* [Task] In the listing that follows, find the line with "Pembe Çiçek Desen", then copy exactly from it through the line with "Ces magnifiques stickers", leaving out every picture.

* [Information supplied]
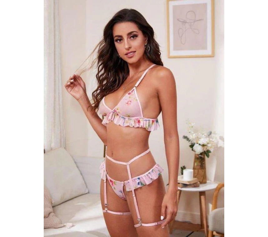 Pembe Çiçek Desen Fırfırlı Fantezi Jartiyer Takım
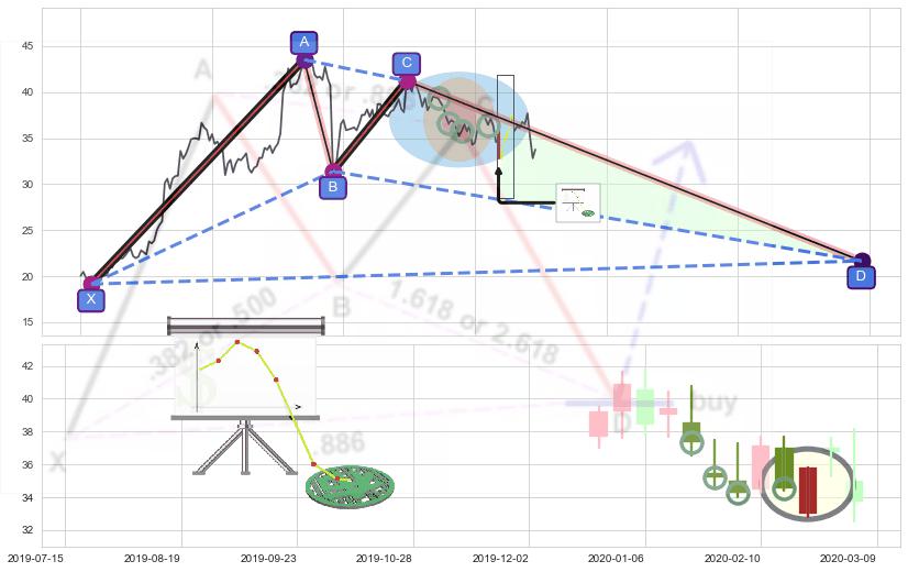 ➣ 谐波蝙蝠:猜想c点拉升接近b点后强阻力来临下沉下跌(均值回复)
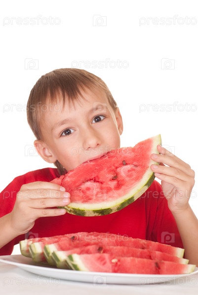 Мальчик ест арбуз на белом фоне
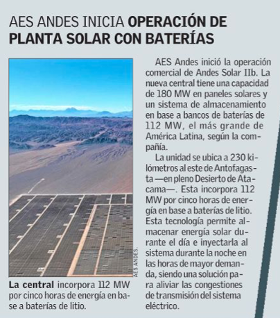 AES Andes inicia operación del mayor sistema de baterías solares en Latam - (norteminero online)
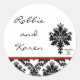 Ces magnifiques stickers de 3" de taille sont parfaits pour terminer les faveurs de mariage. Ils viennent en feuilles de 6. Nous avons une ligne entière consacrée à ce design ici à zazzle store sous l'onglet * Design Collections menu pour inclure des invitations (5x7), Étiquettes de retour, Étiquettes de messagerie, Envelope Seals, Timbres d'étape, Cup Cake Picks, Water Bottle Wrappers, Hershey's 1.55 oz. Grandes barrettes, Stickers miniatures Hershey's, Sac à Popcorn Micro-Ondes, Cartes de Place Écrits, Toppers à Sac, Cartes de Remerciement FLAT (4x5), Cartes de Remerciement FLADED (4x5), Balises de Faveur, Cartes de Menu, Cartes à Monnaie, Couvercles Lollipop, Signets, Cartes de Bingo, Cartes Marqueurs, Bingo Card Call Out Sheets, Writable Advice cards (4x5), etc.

---

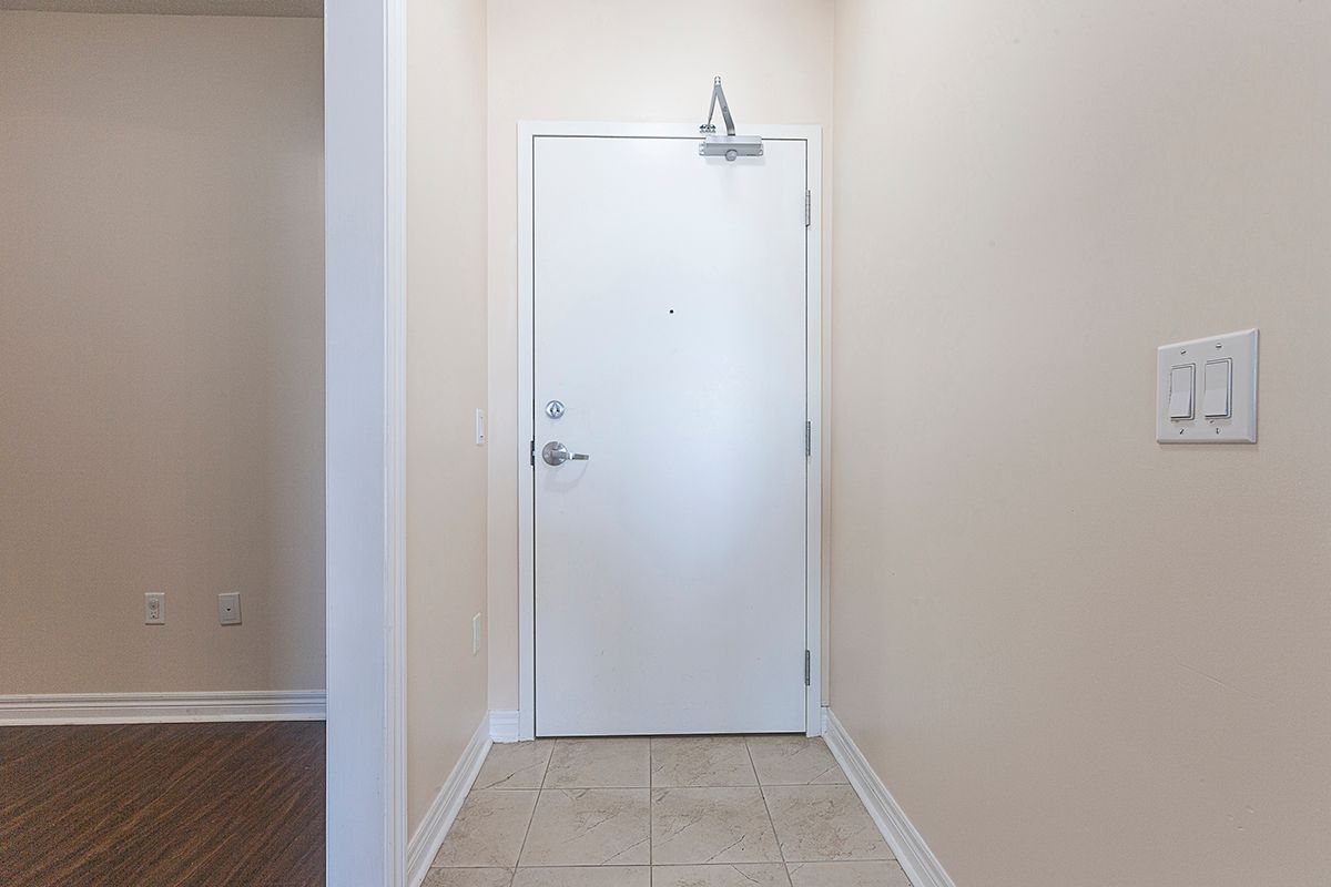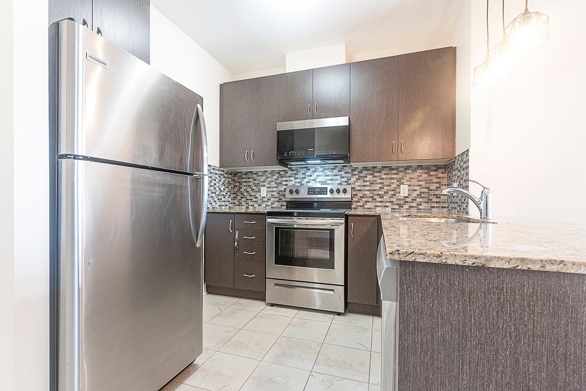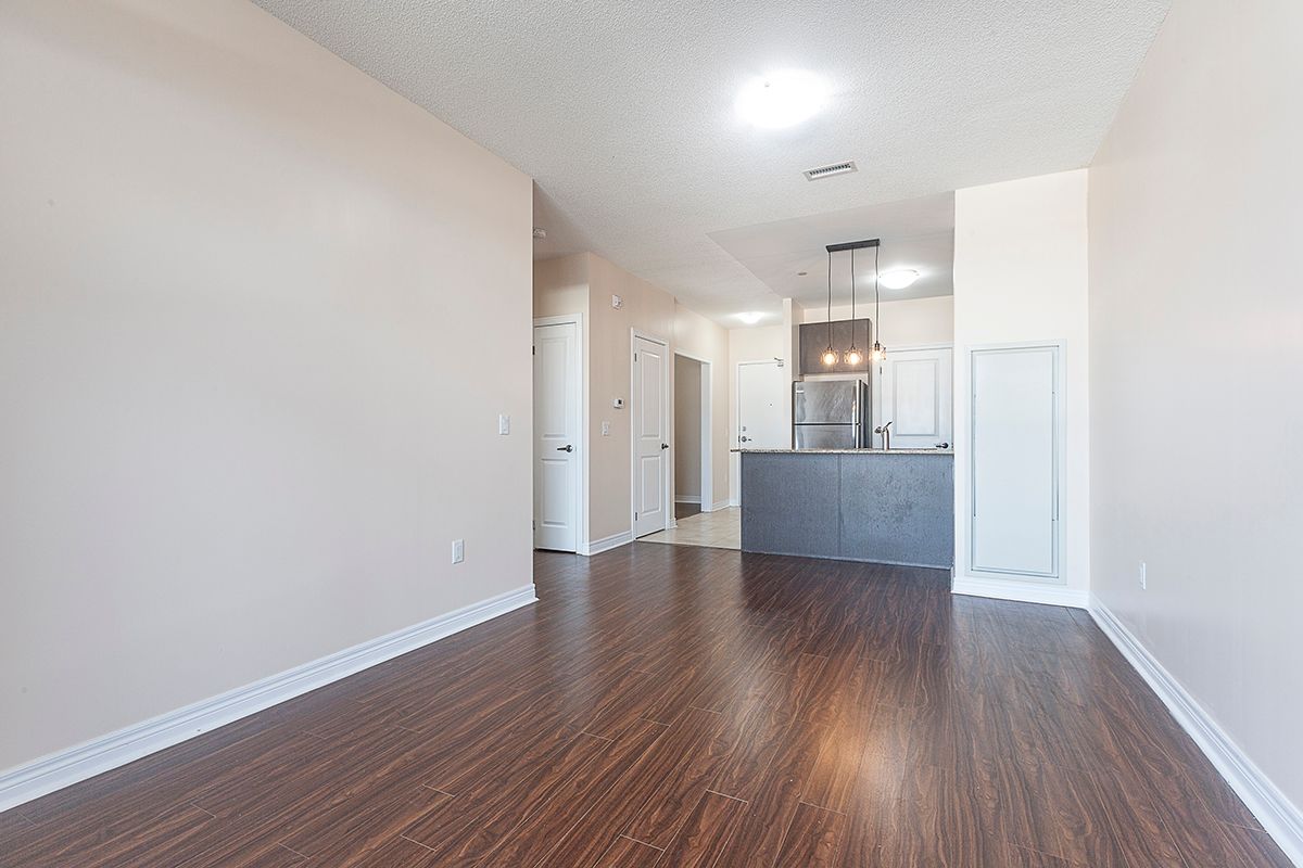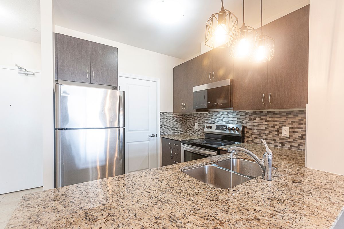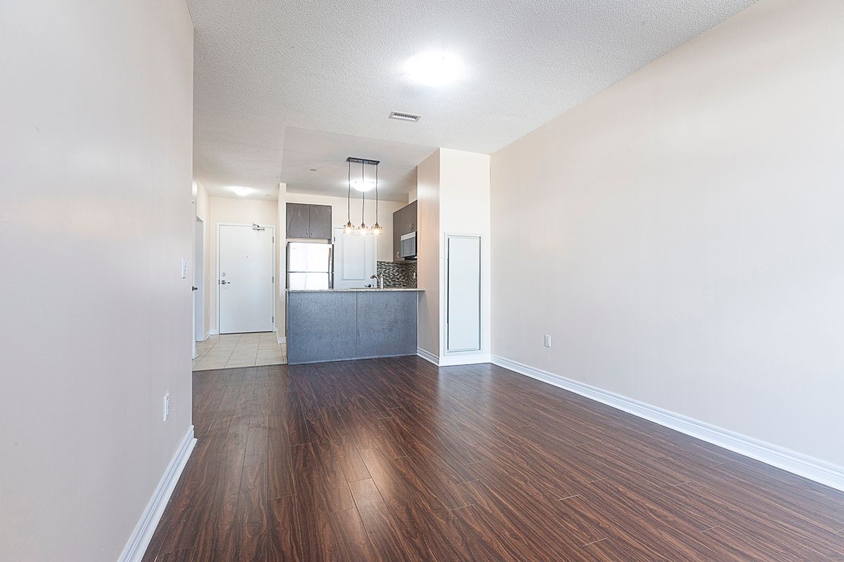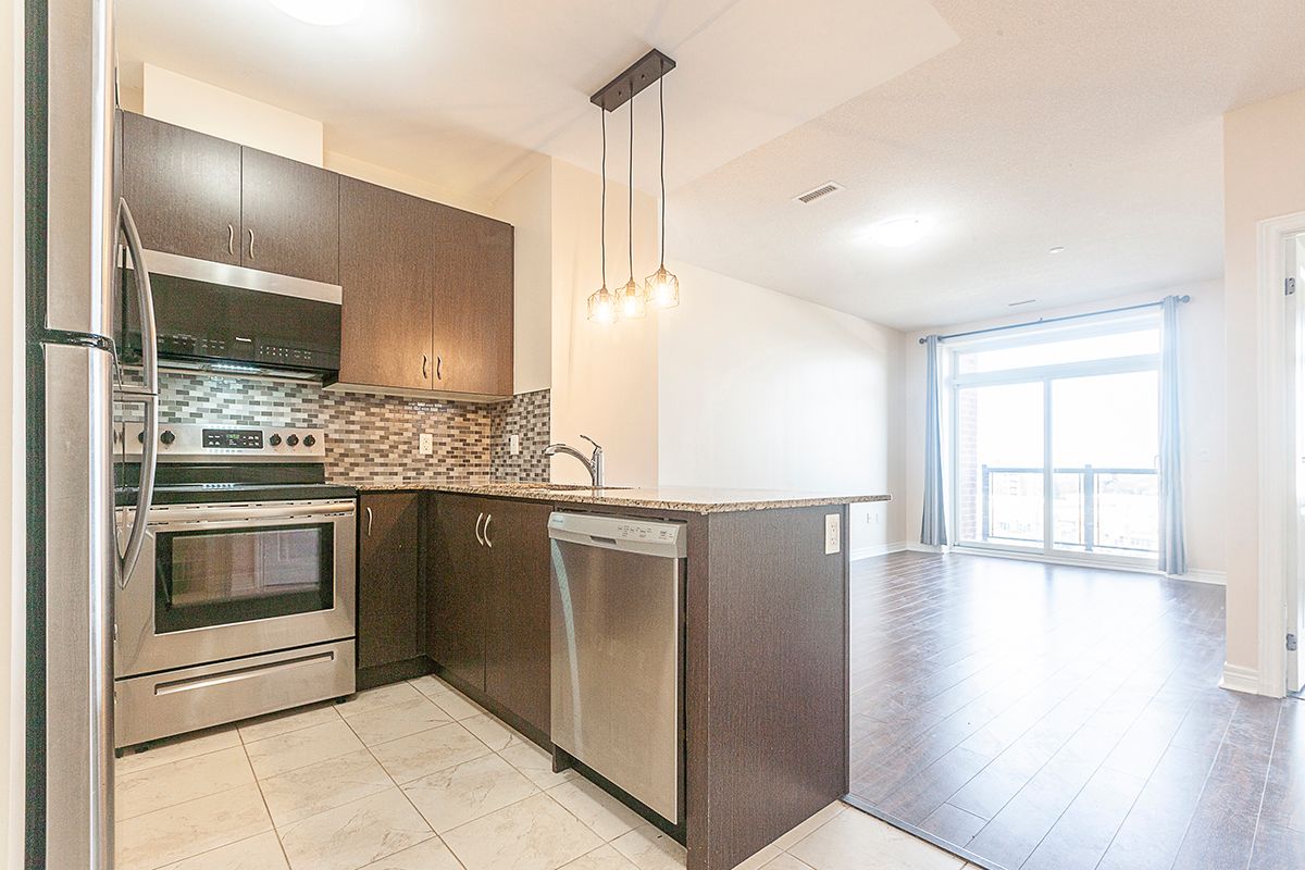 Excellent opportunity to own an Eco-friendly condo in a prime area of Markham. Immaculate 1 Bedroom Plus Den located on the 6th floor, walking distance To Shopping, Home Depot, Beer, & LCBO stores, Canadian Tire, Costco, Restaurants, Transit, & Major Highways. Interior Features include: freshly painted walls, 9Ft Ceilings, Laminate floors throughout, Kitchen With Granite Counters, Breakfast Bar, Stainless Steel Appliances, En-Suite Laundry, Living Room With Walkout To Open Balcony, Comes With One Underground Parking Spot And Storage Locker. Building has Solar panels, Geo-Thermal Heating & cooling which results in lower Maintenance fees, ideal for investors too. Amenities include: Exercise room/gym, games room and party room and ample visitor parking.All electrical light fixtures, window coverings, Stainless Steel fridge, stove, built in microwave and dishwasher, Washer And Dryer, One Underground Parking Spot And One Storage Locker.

--

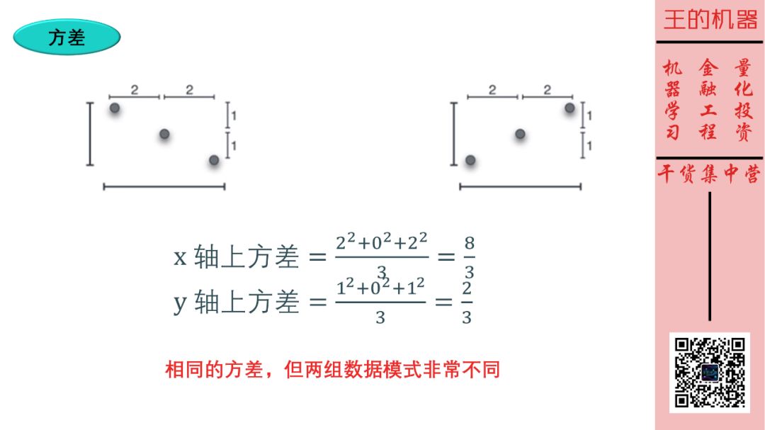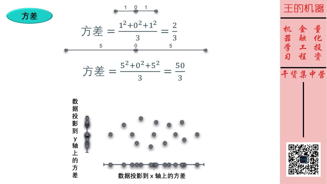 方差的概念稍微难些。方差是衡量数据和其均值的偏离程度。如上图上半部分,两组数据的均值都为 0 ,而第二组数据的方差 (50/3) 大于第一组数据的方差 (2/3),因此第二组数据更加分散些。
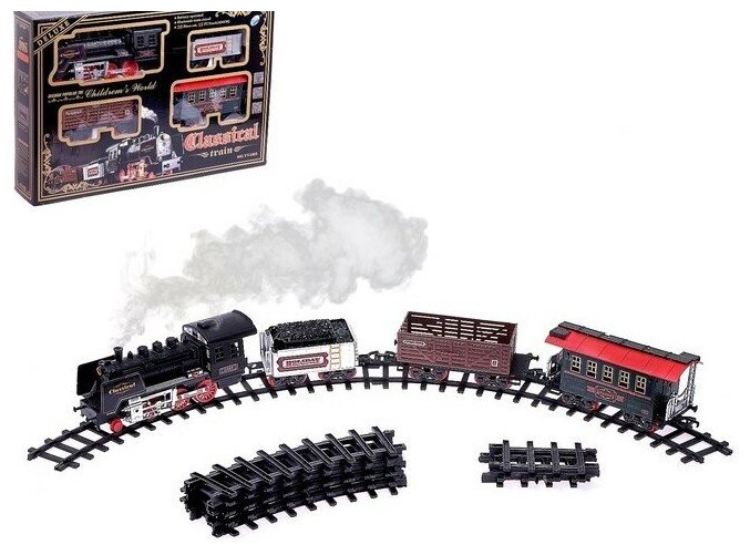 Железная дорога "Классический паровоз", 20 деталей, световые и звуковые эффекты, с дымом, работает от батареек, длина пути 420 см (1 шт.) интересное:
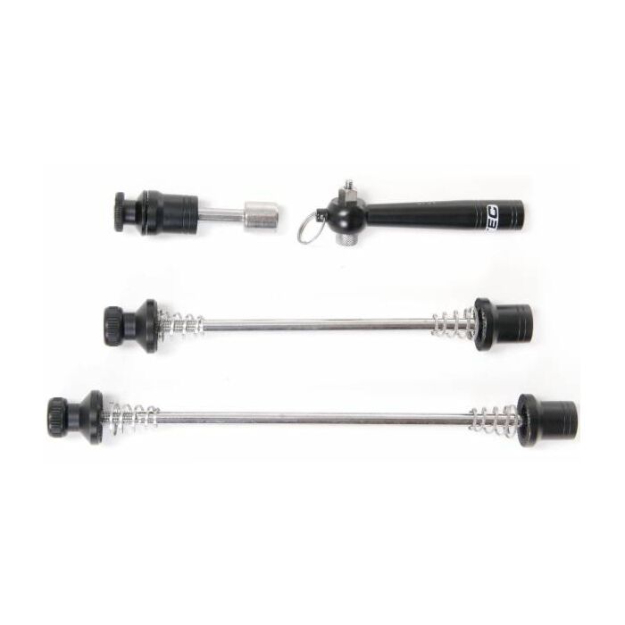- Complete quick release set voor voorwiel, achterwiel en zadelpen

* [Answer box]
 Pembe Çiçek Desen Fırfırlı Fantezi Jartiyer Takım
 ➣ 谐波蝙蝠:猜想c点拉升接近b点后强阻力来临下沉下跌(均值回复)
 Мальчик ест арбуз на белом фоне
 AES Andes inicia operación del mayor sistema de baterías solares en Latam - (norteminero online)
 Ces magnifiques stickers de 3" de taille sont parfaits pour terminer les faveurs de mariage. Ils viennent en feuilles de 6. Nous avons une ligne entière consacrée à ce design ici à zazzle store sous l'onglet * Design Collections menu pour inclure des invitations (5x7), Étiquettes de retour, Étiquettes de messagerie, Envelope Seals, Timbres d'étape, Cup Cake Picks, Water Bottle Wrappers, Hershey's 1.55 oz. Grandes barrettes, Stickers miniatures Hershey's, Sac à Popcorn Micro-Ondes, Cartes de Place Écrits, Toppers à Sac, Cartes de Remerciement FLAT (4x5), Cartes de Remerciement FLADED (4x5), Balises de Faveur, Cartes de Menu, Cartes à Monnaie, Couvercles Lollipop, Signets, Cartes de Bingo, Cartes Marqueurs, Bingo Card Call Out Sheets, Writable Advice cards (4x5), etc.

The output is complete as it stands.